Source records:

──────────

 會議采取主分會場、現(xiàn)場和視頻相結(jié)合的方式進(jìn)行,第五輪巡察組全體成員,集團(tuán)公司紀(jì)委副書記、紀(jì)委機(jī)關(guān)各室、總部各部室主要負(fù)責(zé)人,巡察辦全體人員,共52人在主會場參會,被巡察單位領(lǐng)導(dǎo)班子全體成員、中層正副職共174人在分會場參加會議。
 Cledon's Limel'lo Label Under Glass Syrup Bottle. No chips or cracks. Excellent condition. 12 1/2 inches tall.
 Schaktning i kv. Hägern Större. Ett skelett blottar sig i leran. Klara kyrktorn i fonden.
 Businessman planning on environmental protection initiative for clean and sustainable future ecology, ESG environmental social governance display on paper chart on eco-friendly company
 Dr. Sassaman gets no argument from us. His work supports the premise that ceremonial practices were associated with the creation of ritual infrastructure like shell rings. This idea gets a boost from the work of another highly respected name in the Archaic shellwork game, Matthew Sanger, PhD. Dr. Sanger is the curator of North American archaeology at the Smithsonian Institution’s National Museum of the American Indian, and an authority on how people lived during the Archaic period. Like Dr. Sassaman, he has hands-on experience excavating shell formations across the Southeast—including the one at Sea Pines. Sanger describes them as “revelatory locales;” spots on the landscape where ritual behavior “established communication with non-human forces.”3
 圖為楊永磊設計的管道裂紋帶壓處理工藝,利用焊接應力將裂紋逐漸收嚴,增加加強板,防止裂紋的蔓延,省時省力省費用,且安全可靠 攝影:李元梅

──────────

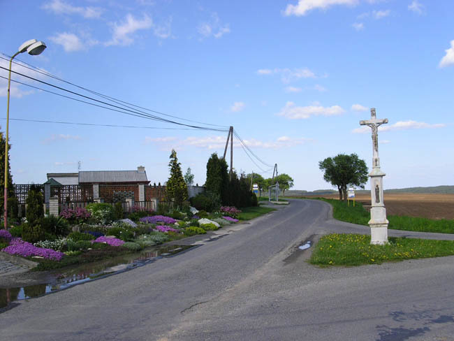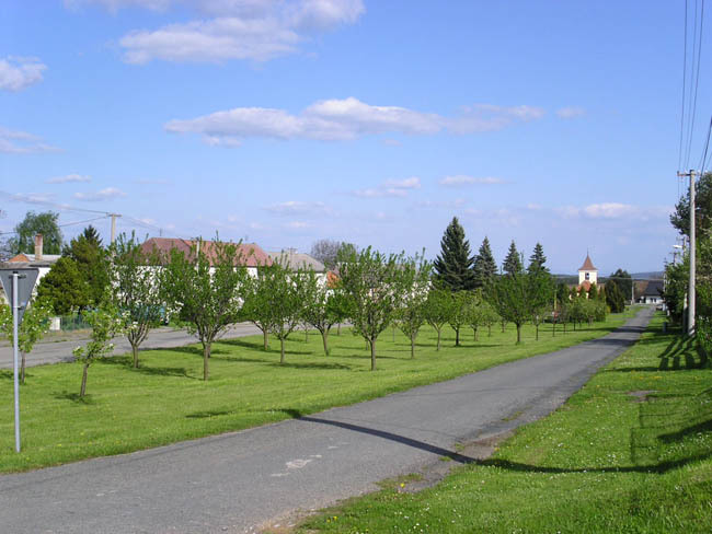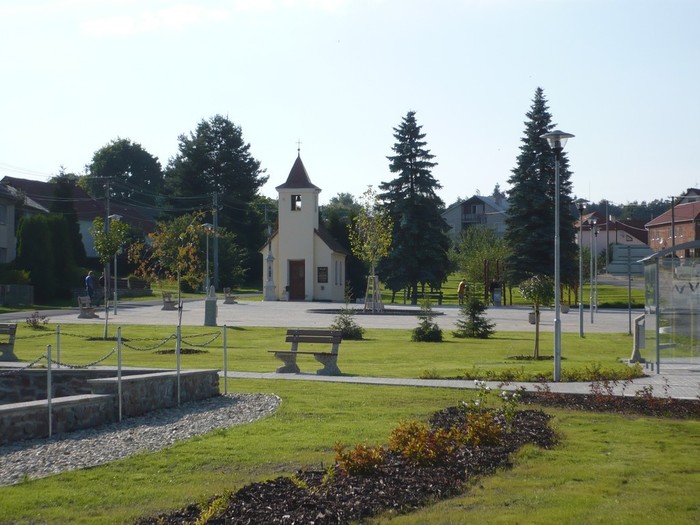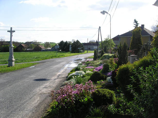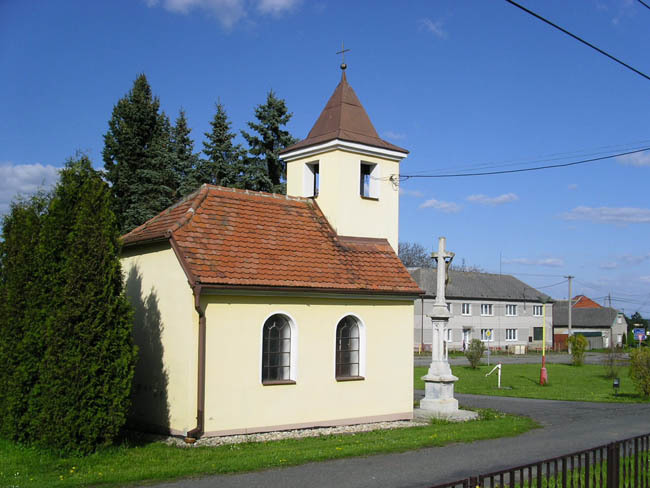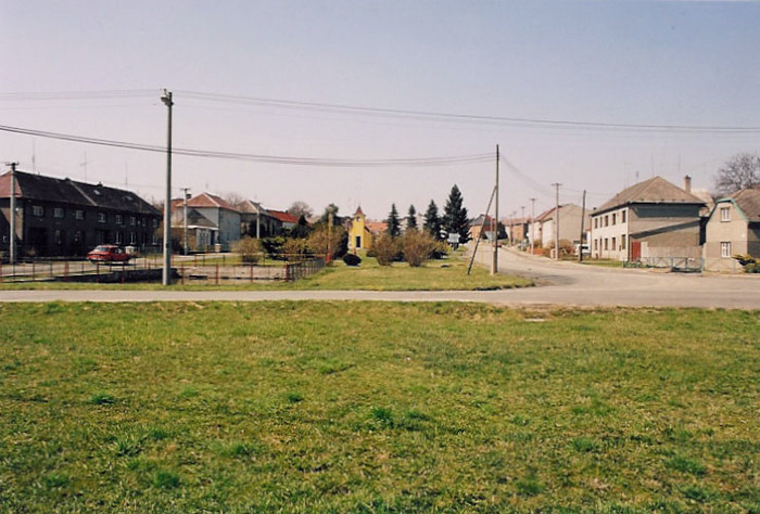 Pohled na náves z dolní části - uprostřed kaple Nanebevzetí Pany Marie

──────────

Your instructions: Taking the line with "Schaktning i kv." as the first and the line with "圖為楊永磊設計的管道裂紋帶壓" as the last, retype that stretch of the data above exactly, with no other lines.

Exercise output:
 Schaktning i kv. Hägern Större. Ett skelett blottar sig i leran. Klara kyrktorn i fonden.
 Businessman planning on environmental protection initiative for clean and sustainable future ecology, ESG environmental social governance display on paper chart on eco-friendly company
 Dr. Sassaman gets no argument from us. His work supports the premise that ceremonial practices were associated with the creation of ritual infrastructure like shell rings. This idea gets a boost from the work of another highly respected name in the Archaic shellwork game, Matthew Sanger, PhD. Dr. Sanger is the curator of North American archaeology at the Smithsonian Institution’s National Museum of the American Indian, and an authority on how people lived during the Archaic period. Like Dr. Sassaman, he has hands-on experience excavating shell formations across the Southeast—including the one at Sea Pines. Sanger describes them as “revelatory locales;” spots on the landscape where ritual behavior “established communication with non-human forces.”3
 圖為楊永磊設計的管道裂紋帶壓處理工藝,利用焊接應力將裂紋逐漸收嚴,增加加強板,防止裂紋的蔓延,省時省力省費用,且安全可靠 攝影:李元梅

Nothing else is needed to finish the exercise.